━━ Source material ━━

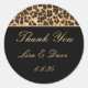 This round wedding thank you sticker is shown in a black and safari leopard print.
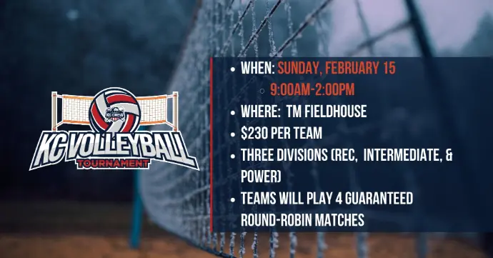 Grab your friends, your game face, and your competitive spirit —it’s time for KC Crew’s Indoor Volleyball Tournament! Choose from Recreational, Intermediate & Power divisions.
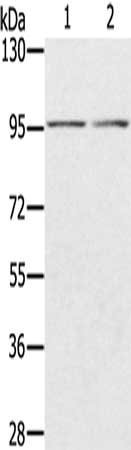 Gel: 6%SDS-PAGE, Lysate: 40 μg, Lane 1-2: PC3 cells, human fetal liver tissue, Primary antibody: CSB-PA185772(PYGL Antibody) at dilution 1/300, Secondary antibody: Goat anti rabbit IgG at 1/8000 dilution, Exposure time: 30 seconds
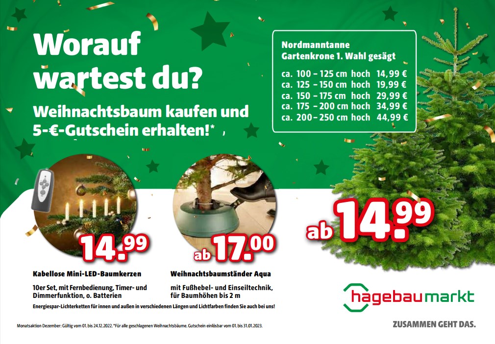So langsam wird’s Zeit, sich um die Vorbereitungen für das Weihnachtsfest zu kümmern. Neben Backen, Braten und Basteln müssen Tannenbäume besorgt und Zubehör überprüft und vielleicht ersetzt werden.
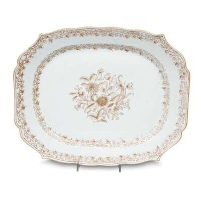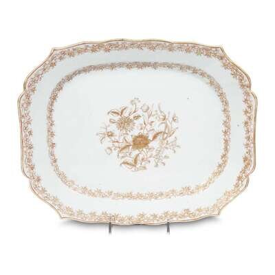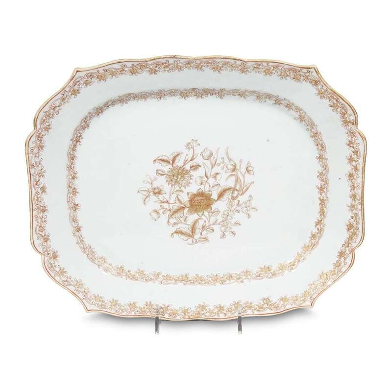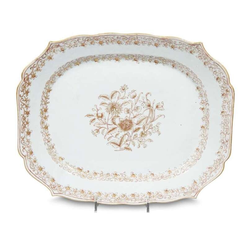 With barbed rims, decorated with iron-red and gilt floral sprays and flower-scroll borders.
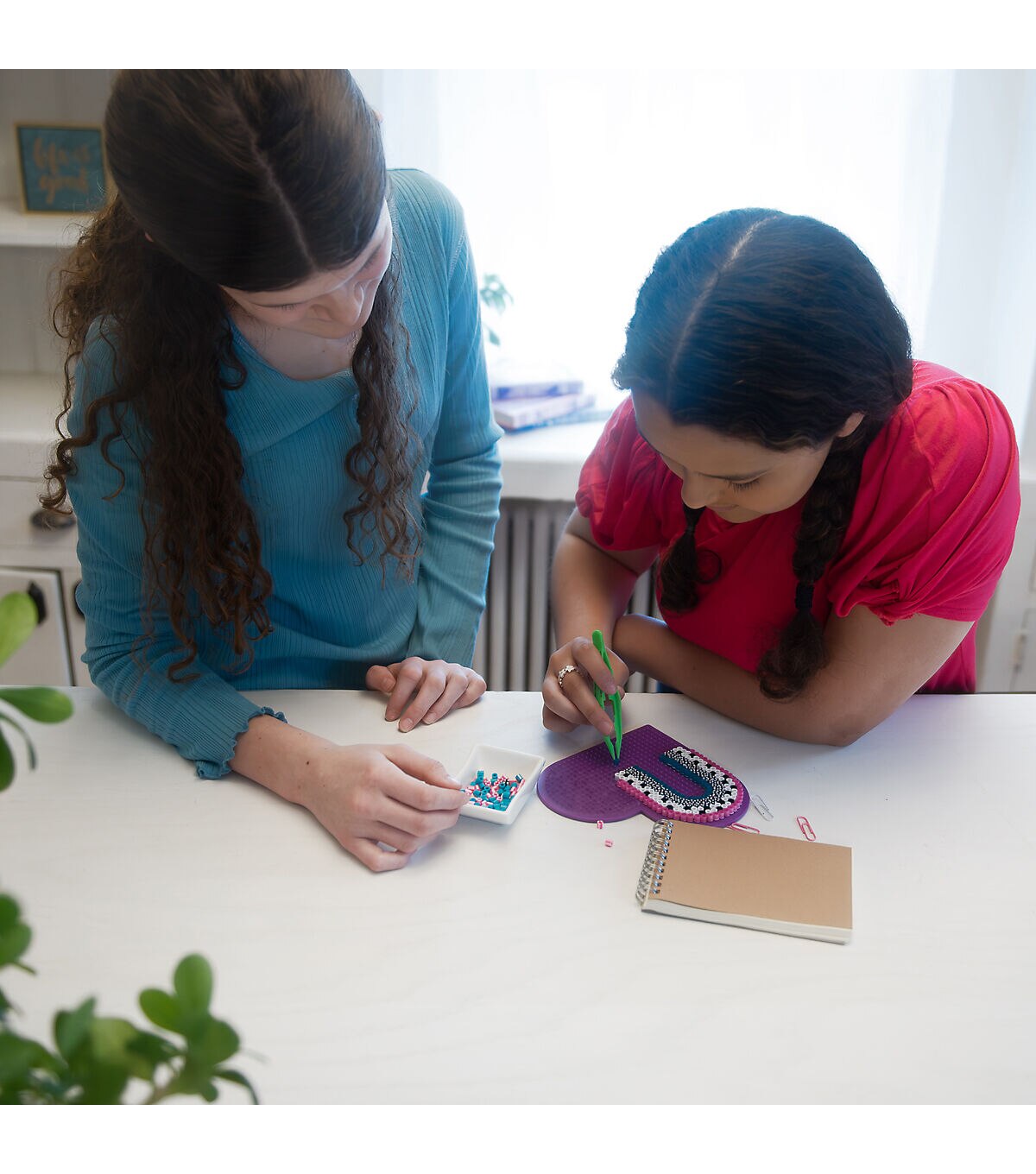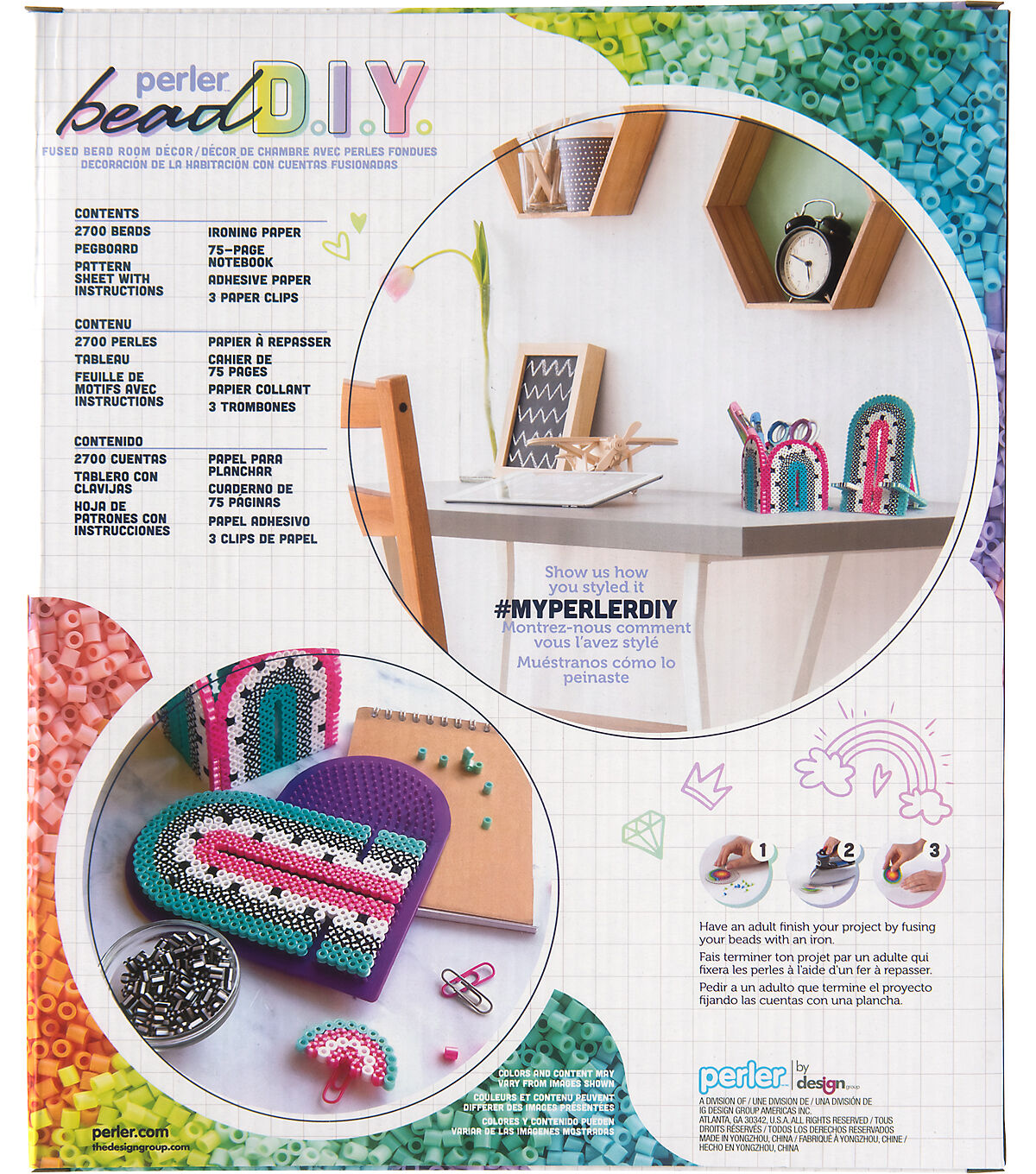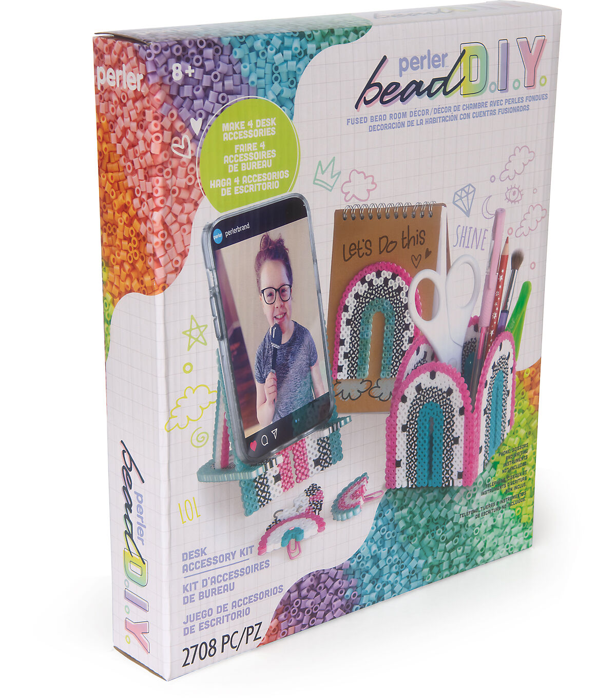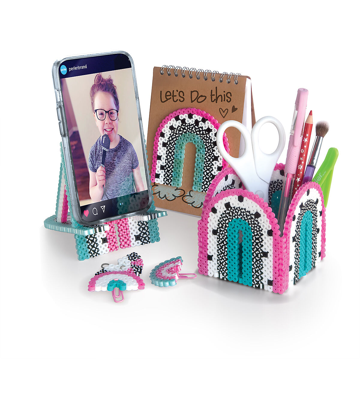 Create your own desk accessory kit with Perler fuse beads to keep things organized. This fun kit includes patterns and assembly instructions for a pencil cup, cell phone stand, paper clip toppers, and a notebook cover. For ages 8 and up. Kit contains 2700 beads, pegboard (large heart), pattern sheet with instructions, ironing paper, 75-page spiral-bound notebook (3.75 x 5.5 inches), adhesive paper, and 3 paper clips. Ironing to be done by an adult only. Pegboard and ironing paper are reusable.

━━━
━━ Source material ━━

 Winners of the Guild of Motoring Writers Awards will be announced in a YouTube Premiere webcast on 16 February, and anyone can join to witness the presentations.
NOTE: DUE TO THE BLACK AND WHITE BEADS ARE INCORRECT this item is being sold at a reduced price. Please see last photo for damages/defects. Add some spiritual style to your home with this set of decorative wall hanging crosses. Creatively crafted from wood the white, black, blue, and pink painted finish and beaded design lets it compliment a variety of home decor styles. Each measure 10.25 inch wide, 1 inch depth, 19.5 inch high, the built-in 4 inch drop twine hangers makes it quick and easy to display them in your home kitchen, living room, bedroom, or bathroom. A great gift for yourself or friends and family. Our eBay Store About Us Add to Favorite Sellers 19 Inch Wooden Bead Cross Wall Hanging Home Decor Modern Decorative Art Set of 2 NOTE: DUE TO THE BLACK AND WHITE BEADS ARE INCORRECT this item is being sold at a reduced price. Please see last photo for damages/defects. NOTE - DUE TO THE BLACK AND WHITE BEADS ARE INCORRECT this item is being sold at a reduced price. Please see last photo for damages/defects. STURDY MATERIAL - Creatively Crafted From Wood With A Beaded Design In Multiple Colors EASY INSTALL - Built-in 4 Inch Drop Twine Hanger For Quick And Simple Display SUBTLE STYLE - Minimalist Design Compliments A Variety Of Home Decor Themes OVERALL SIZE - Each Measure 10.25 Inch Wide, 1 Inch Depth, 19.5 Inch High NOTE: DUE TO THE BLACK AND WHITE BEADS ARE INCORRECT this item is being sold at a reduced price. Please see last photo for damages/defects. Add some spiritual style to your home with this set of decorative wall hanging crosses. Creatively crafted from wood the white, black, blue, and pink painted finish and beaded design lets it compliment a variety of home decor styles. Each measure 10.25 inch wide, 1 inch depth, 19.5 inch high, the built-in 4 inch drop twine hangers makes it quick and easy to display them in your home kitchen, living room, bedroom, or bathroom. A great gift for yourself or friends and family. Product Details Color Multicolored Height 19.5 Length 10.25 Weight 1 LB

━━━

Within the data above, repeat exactly the lines from the one bearing "This round wedding" through the one bearing "With barbed rims, decorated". Include no pictures and nothing else.

 This round wedding thank you sticker is shown in a black and safari leopard print.
 Grab your friends, your game face, and your competitive spirit —it’s time for KC Crew’s Indoor Volleyball Tournament! Choose from Recreational, Intermediate & Power divisions.
 Gel: 6%SDS-PAGE, Lysate: 40 μg, Lane 1-2: PC3 cells, human fetal liver tissue, Primary antibody: CSB-PA185772(PYGL Antibody) at dilution 1/300, Secondary antibody: Goat anti rabbit IgG at 1/8000 dilution, Exposure time: 30 seconds
So langsam wird’s Zeit, sich um die Vorbereitungen für das Weihnachtsfest zu kümmern. Neben Backen, Braten und Basteln müssen Tannenbäume besorgt und Zubehör überprüft und vielleicht ersetzt werden.
 With barbed rims, decorated with iron-red and gilt floral sprays and flower-scroll borders.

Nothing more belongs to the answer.